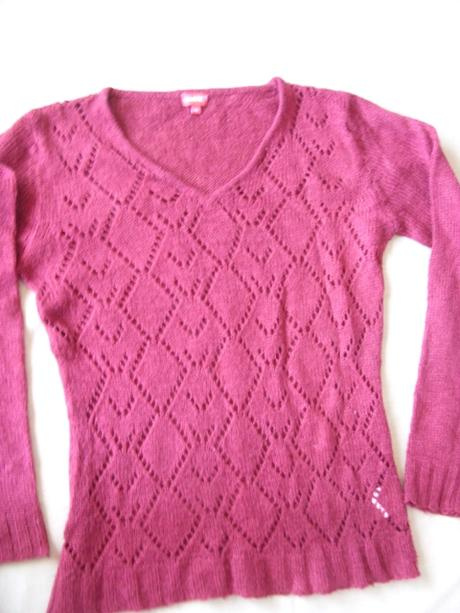 krásny pulóver, žiadne žmolky, miery: pod pazuchami 53x2, pás 49x2, boky 57x2, dĺžka 73, rukáv 70cm, prispôsobí sa, farba na foto je skreslená, skutočná farba je tehlová (terakota), poštovné podľa sl. pošty
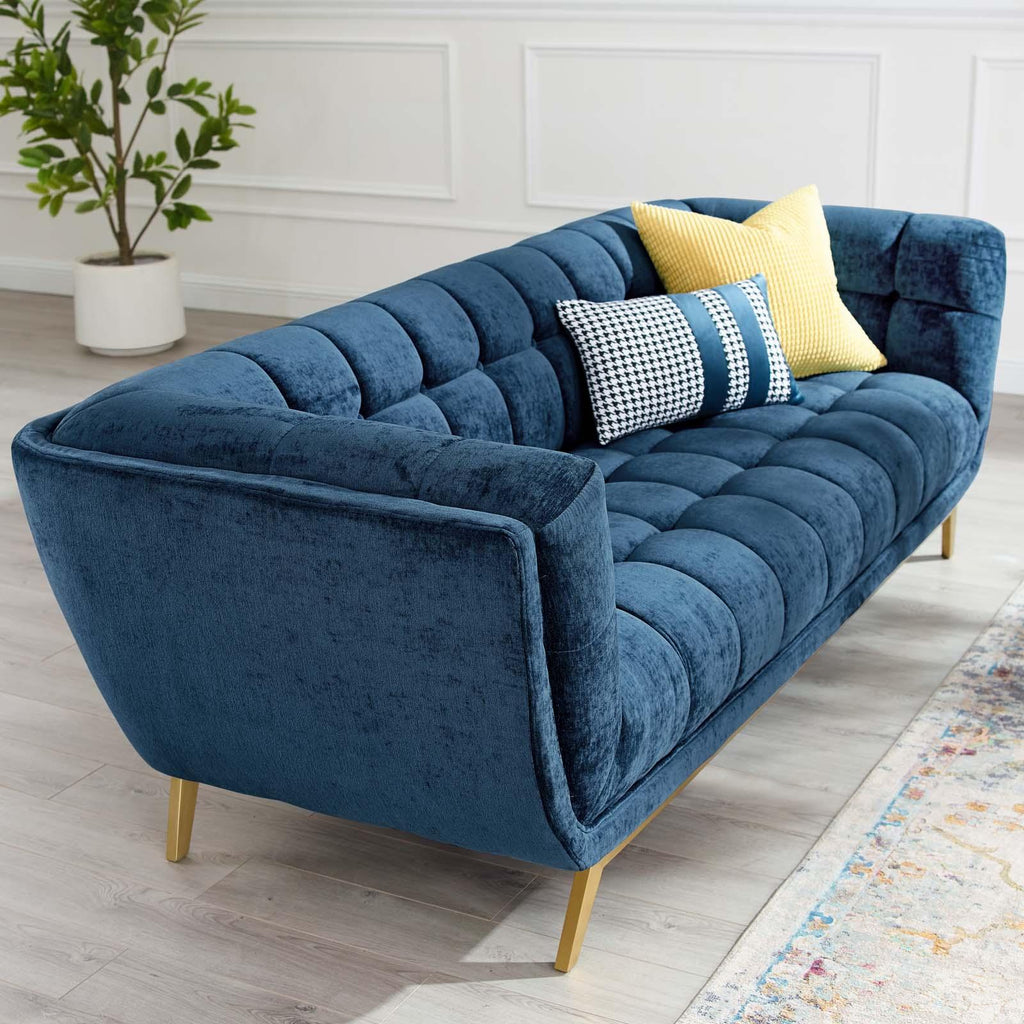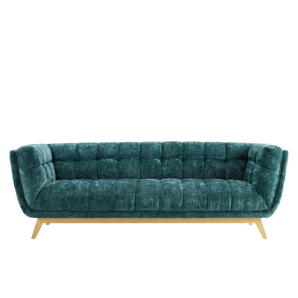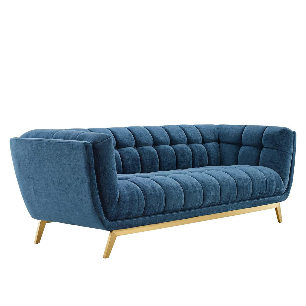 Generously update your d�cor with Bestow Crushed Performance Velvet Sofa. Uniquely designed with a striking broad profile, Bestow comes in soft, stain-resistant performance velvet polyester upholstery with a crushed texture, dense foam padding, and elegant button tufting. Sturdily positioned on brushed gold splayed stainless steel legs with non-marking foot caps, Bestow boasts a bountiful living room seating design brimming with possibilities. With ample seat depth and overscaled frame, invite all your guests to sit comfortably in this 12" high back and armrest collection perfect for mid-century, vintage modern, or contemporary d�cors. Weight Capacity: 900 lbs.
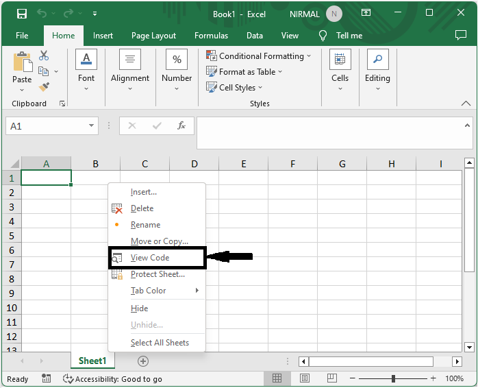 首先,右鍵單擊包含專案的工作表的表名,然後單擊“檢視程式碼”以開啟 VBA 應用程式。
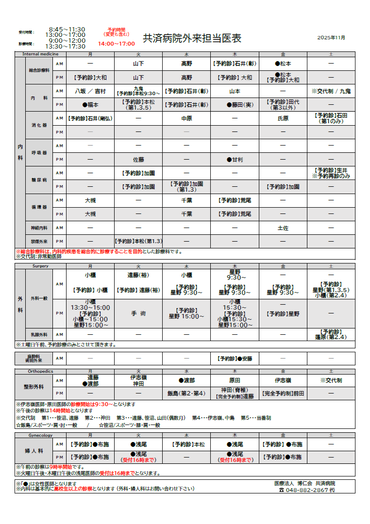 【11月医師診療担当表】
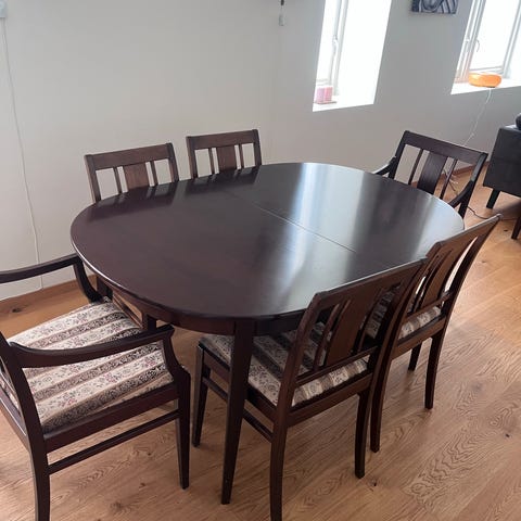 Spisestue med 6 stoler i mahogny
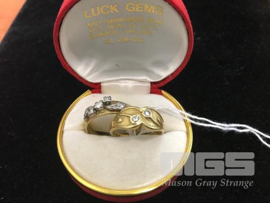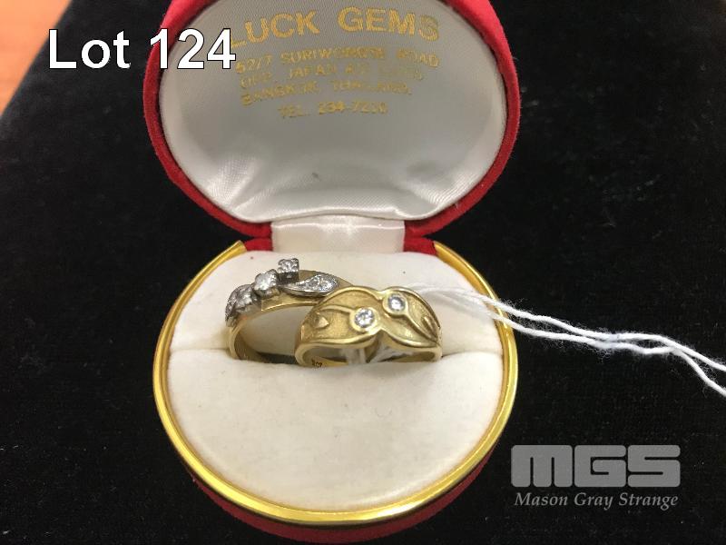 2 X GOLD RINGS MARKED 18CT, 1 X SET WITH 2 X SMALL DIAMONDS SIZE 8, 1 X 3 SMALL DIAMONDS SIZE 10 (US) 9.8 GRAMS TOTAL
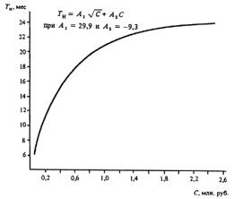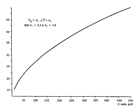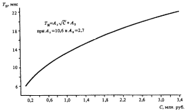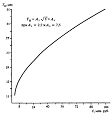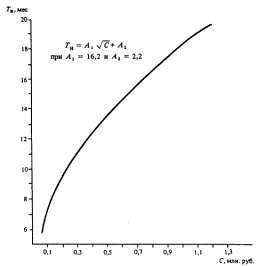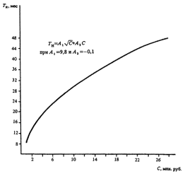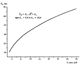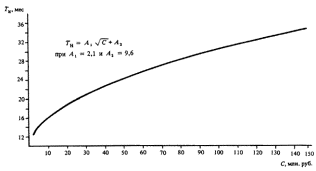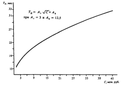 Черт. 39. Определение Тн различных объектов при С = 2,5 - 60,0 млн. руб.
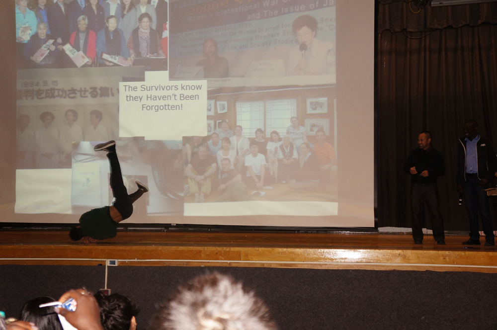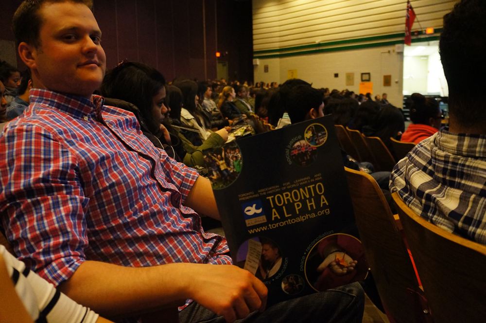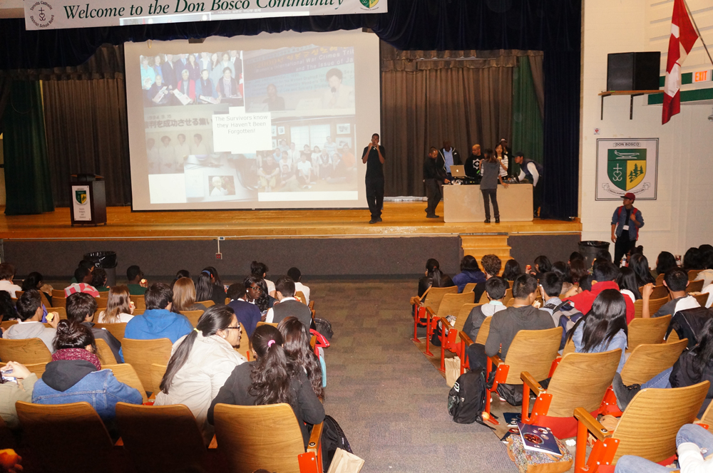 Stefan and Mikey always have fun setting up the DJ booth and multimedia needed for the day.The conference was held at Don Bosco Catholic Secondary School and there were close to 300 students and teachers in attendance.Our awesome MCs, Patrick and Saerom!Toronto ALPHA Executive Director, Flora Chong welcoming everyone to History Meets Humanity.The students launched into watching a 1 hour version of the documentary-drama, Iris Chang: The Rape of Nanking.The film was very interesting and also disturbing, so the students had a chance to debrief and ask questions about it afterward.There were moments in the day to reflect on what we learned…… and a chance to share our feelings, thoughts, questions and action plans collectively.There were breakout sessions covering various topics. This one was about the history of Korean “comfort women.”Margaret Wells presenting her workshop on chemical warfare to the students.“Is Joe fresh?” was one of the questions posed in this workshop about Historical Memory, Ethical Behaviour and Denial.A snapshot from the “Speaking Our Silenced Stories” breakout session reflecting on the Nanking Massacre.During lunch, there was an impromptu talent show. Students from all of the different schools signed up on-the-spot to showcase their gifts…… from spoken word poetry…… to singing …… to dancing…… and rapping!Before the end of the day, the students reflected further on what they learned at the conference.Each student had a Passport for learning.The event closed with a very special prayer led by Matt Ennis (OISE teacher candidate), Theresa Hoang (E-CSLIT Chair)…… and musicians Justin Bacchus and Kristin Fung leading us in song.Thank you student leaders Theresa, Adrian, Karol and Mearah for giving up a day of classes to help run the conference!All of the people who worked behind the scenes to put the conference together are looking forward to next year’s event!

-=-=-=-=-

Task details:
Repeat only the stretch of data above that runs from the line with "Generously update your" to the line with "Spisestue med 6 stoler i mahogny". Keep both end lines; exclude pictures.

Answer:
 Generously update your d�cor with Bestow Crushed Performance Velvet Sofa. Uniquely designed with a striking broad profile, Bestow comes in soft, stain-resistant performance velvet polyester upholstery with a crushed texture, dense foam padding, and elegant button tufting. Sturdily positioned on brushed gold splayed stainless steel legs with non-marking foot caps, Bestow boasts a bountiful living room seating design brimming with possibilities. With ample seat depth and overscaled frame, invite all your guests to sit comfortably in this 12" high back and armrest collection perfect for mid-century, vintage modern, or contemporary d�cors. Weight Capacity: 900 lbs.
 首先,右鍵單擊包含專案的工作表的表名,然後單擊“檢視程式碼”以開啟 VBA 應用程式。
 【11月医師診療担当表】
 Spisestue med 6 stoler i mahogny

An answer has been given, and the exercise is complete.